Lucan hörte ihnen zu und ahnte, dass der Untergang bevorstand. Er hatte der Diskussion nicht folgen können. Er verstand jedoch, dass die Dinge schlechter wurden und dass alles irgendwie mit ihm zu tun hatte.

Er wollte zumindest ein wenig Ruhe haben. Und dieses Verlangen war allmählich immer stärker geworden. Der Kartograf gab dem Drängen schließlich nach. Da die Nachtelfen immer noch mit dem Drachen stritten – stritten, entschied sich Lucan fortzugehen. Nicht weit. Nur weit genug, um etwas Frieden zu finden.

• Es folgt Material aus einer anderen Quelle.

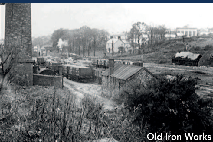
Old Iron Works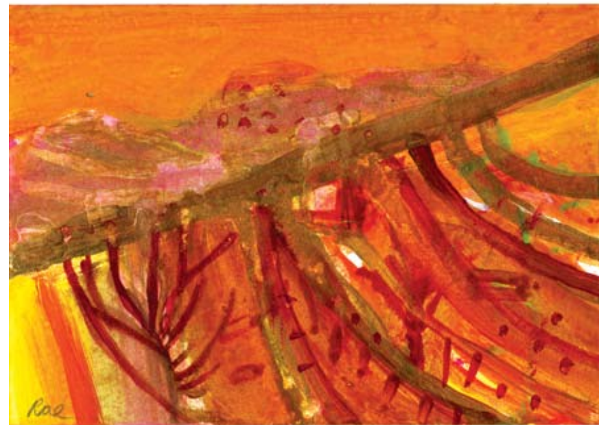
13. High Vineyard mixed media on paper 15 x 21.5 cm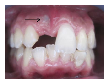
Figure 1. The implant on #11 was detected on labial aspect (seen by arrow).

From clinical examination, the operator found that patient had an average smile line and thick periodontal biotype. Periodontal parameter was evaluated and the oral hygiene index-score (OHI-s) was 1.7 (based on Silness and Loe).<sup>9</sup> Pocket depth on labial was 5 mm. Bleeding on probing score was negative. Implant thread was exposed on the labial aspect. No mobility and suppuration were found.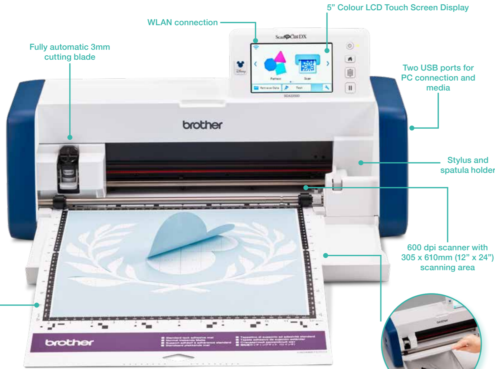
Accommodates 305 x 305mm (12" x 12") and 305 x 610mm (12" x 24") cutting mats

Add a seam allowance in quarter inch increments for easy pattern piecing.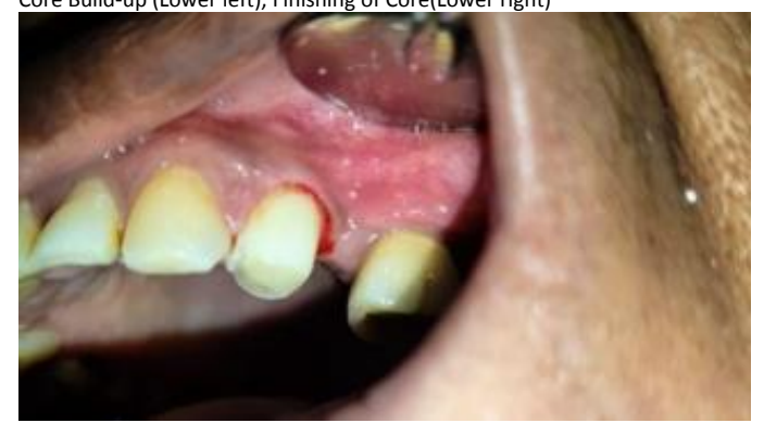
Figure: After Finishing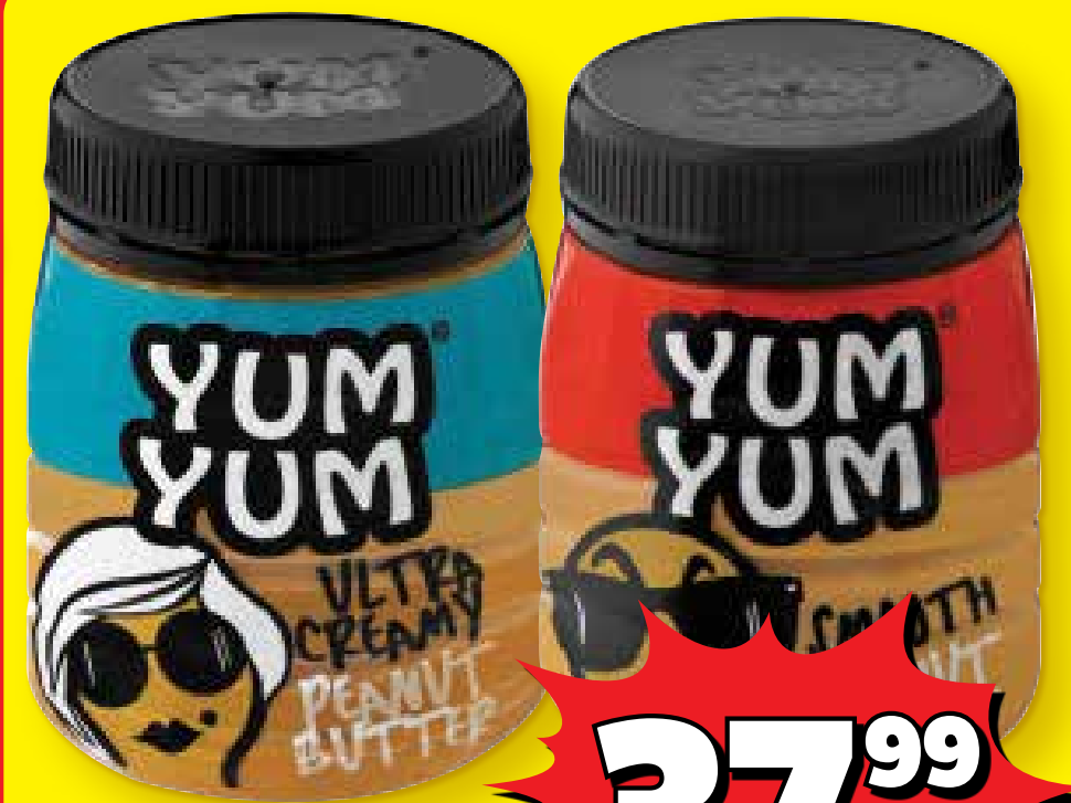
YUM YUM PEANUT BUTTER ALL VARIANTS 400g EACH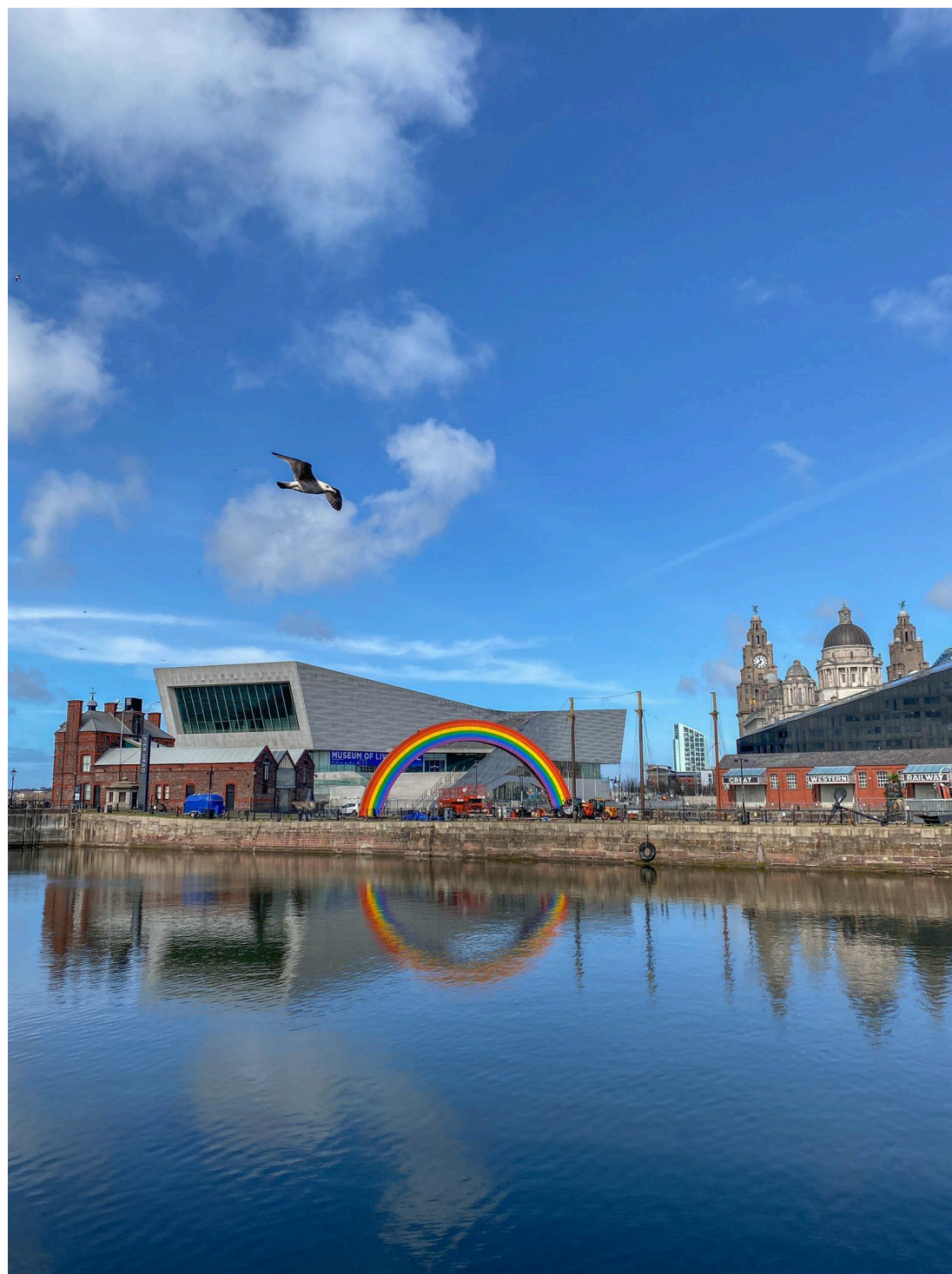
"Rainbow Bridge" Steel, LEDs, Wood, Paint.

Eranikus blockierte den Weg, durch den das Trio eingetreten war. Deshalb ging Lucan in die andere Richtung. Er wählte den Weg zufällig, wichtig war nur, dass er weit genug wegkam, um den Stimmen zu entkommen. Er wollte nur fort von hier.

Obwohl er kaum so unsichtbar wie der Druide oder die Hohepriesterin war, verließ der Mensch die Höhle, ohne bemerkt zu werden. Aufatmend schlenderte Lucan die enge Passage hinab.

Die Stimmen erklangen hinter ihm. Unbefriedigt ging Lucan weiter. Der Streit verblasste zu reinen Hintergrundgeräuschen, aber das reichte ihm noch nicht.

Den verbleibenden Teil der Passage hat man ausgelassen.